The topic of this chapter is the deterministic (worst-case) theory of quantization. The main object of interest is the metric entropy of a set, which allows us to answer two key questions:
(1) covering number: the minimum number of points to cover a set up to a given accuracy;
(2) packing number: the maximal number of elements of a given set with a prescribed minimum pairwise distance.
The foundational theory of metric entropy was put forth by Kolmogorov, who, together with his students, also determined the behavior of metric entropy in a variety of problems for both finite and infinite dimensions. Kolmogorov’s original interest in this subject stems from Hilbert’s thirteenth problem, which concerns the possibility or impossibility of representing multivariable functions as compositions of functions of fewer variables. Metric entropy has found numerous connections to and applications in other fields, such as approximation theory, empirical processes, small-ball probability, mathematical statistics, and machine learning.
In Chapter 17 we introduce the concept of an error-correcting code (ECC). We will spend time discussing what it means for a code to have low probability of error, and what is the optimum (ML or MAP) decoder. On the special case of coding for the binary symmetric channel (BSC), we showcase the evolution of our understanding of fundamental limits from pre-Shannon’s to modern finite blocklength. We also briefly review the history of ECCs. We conclude with a conceptually important proof of a weak converse (impossibility) bound for the performance of ECCs.

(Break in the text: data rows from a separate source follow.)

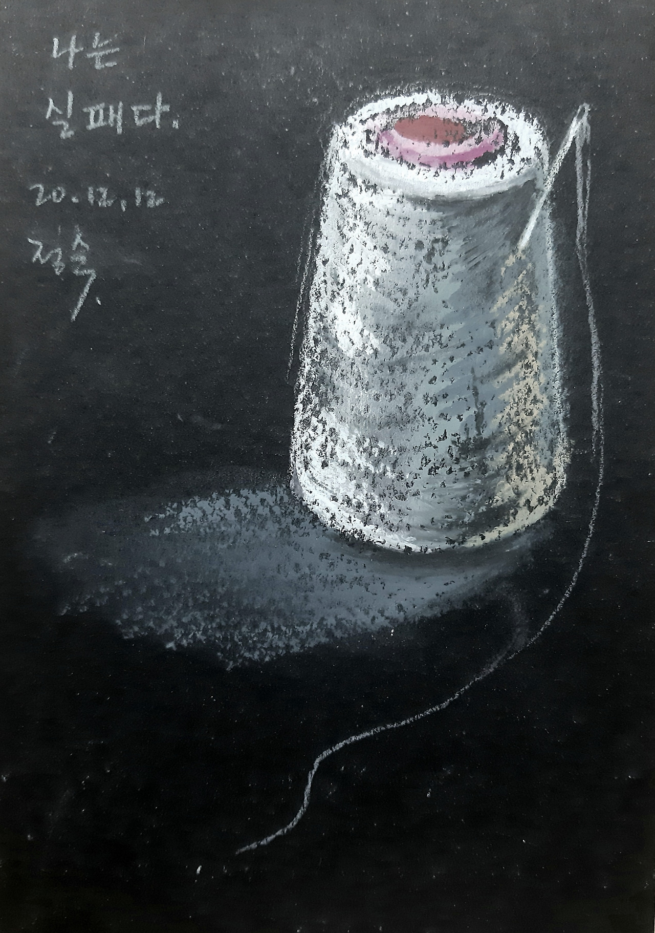실패는 바늘이 꽂혀 있을때 생동감이 느껴진다. 조명이 된 실패를 그린것은 아니지만 이 글에 어울리는 드로잉이어서 붙여 본다. 실패가 바늘을 꽂고 전사의 모습으로 섰을 때 연극무대에 선 주인공이 되어 말한다. 나는 실패다. 검정 바탕위에 흰색 실이 감긴 실패는 조명을 받은 것처럼 빛나고 온전히 자신의 이야기를 하게 된다. 거창한 해석이어야 할 말을 다 할 수 있을때가 있다. 이게 내가 하고 싶은 말이다.
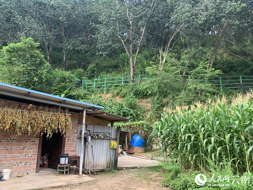 Photo shows a section of a fence installed in the backyard of Feng Yingping, a local villager living in Xiangyanjing village, Xishuangbanna Dai Autonomous Prefecture, southwest China’s Yunnan Province. (People’s Daily Online/Zeng Zhihui)
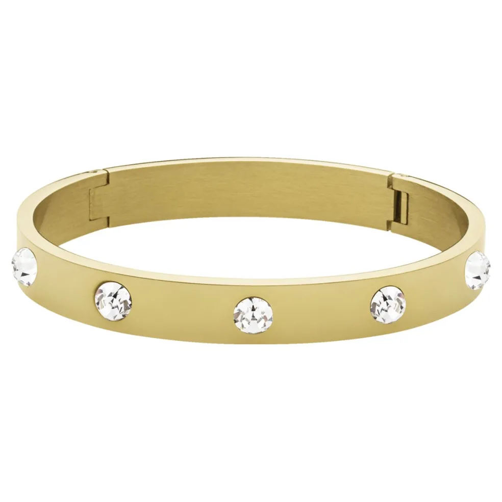 Öppningsbar armring i guldplätering med klara kristaller på, modellen heter Bella och kommer från varumärket Dyrberg/Kern.
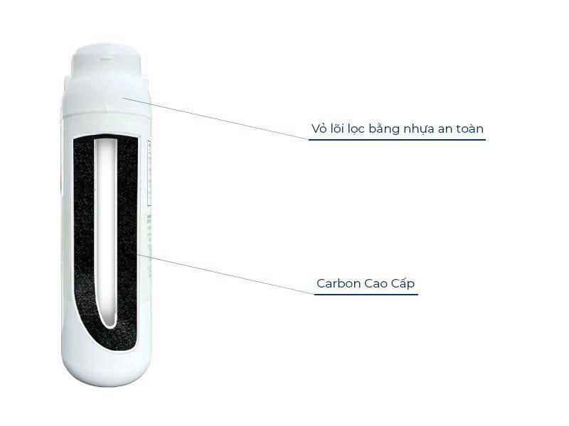 Sau khi nước đã qua màng RO, lõi Post Carbon tiếp nhận nhiệm vụ lọc cuối:
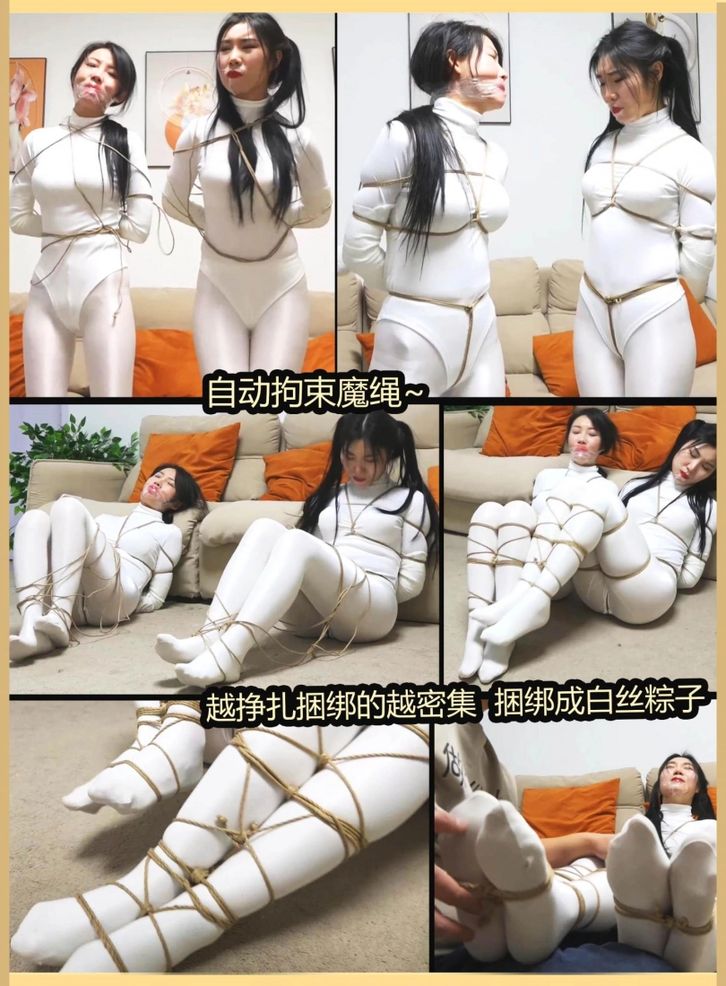 两个白丝美女上次遇到鬼控制身体,好不容易解除了控制,2个人又被飞来的绳子缠绕,一开始还没当回事,结果2个人越挣扎捆绑的越严密,没一会2个人就被完全捆绑,密集到脚掌都被绳子牢牢包裹,这时打扫卫生的人员过来,2个美女奋力求救,男人刚想解缚突然沙发上出现一个纸条说2个美女是自缚的在玩sm游戏,美女们奋力呻吟否认,最终结果如何,请不要错过~

Chapter 33 introduces the strong data-processing inequalities (SDPIs), which are quantitative strengthening of the DPIs in Part I. As applications we show how to apply SDPI to deduce lower bounds for various estimation problems on graphs or in distributed settings. The purpose of this chapter is two-fold. First, we want to introduce general properties of the SDPI coefficients. Second, we want to show how SDPIs help prove sharp lower (impossibility) bounds on statistical estimation questions. The flavor of the statistical problems in this chapter is different from the rest of the book in that here the information about the unknown parameter θ is either more “thinly spread” across a high-dimensional vector of observations than in classical X = θ + Z type of models (see spiked Wigner and tree-coloring examples), or distributed across different terminals (as in correlation and mean estimation examples).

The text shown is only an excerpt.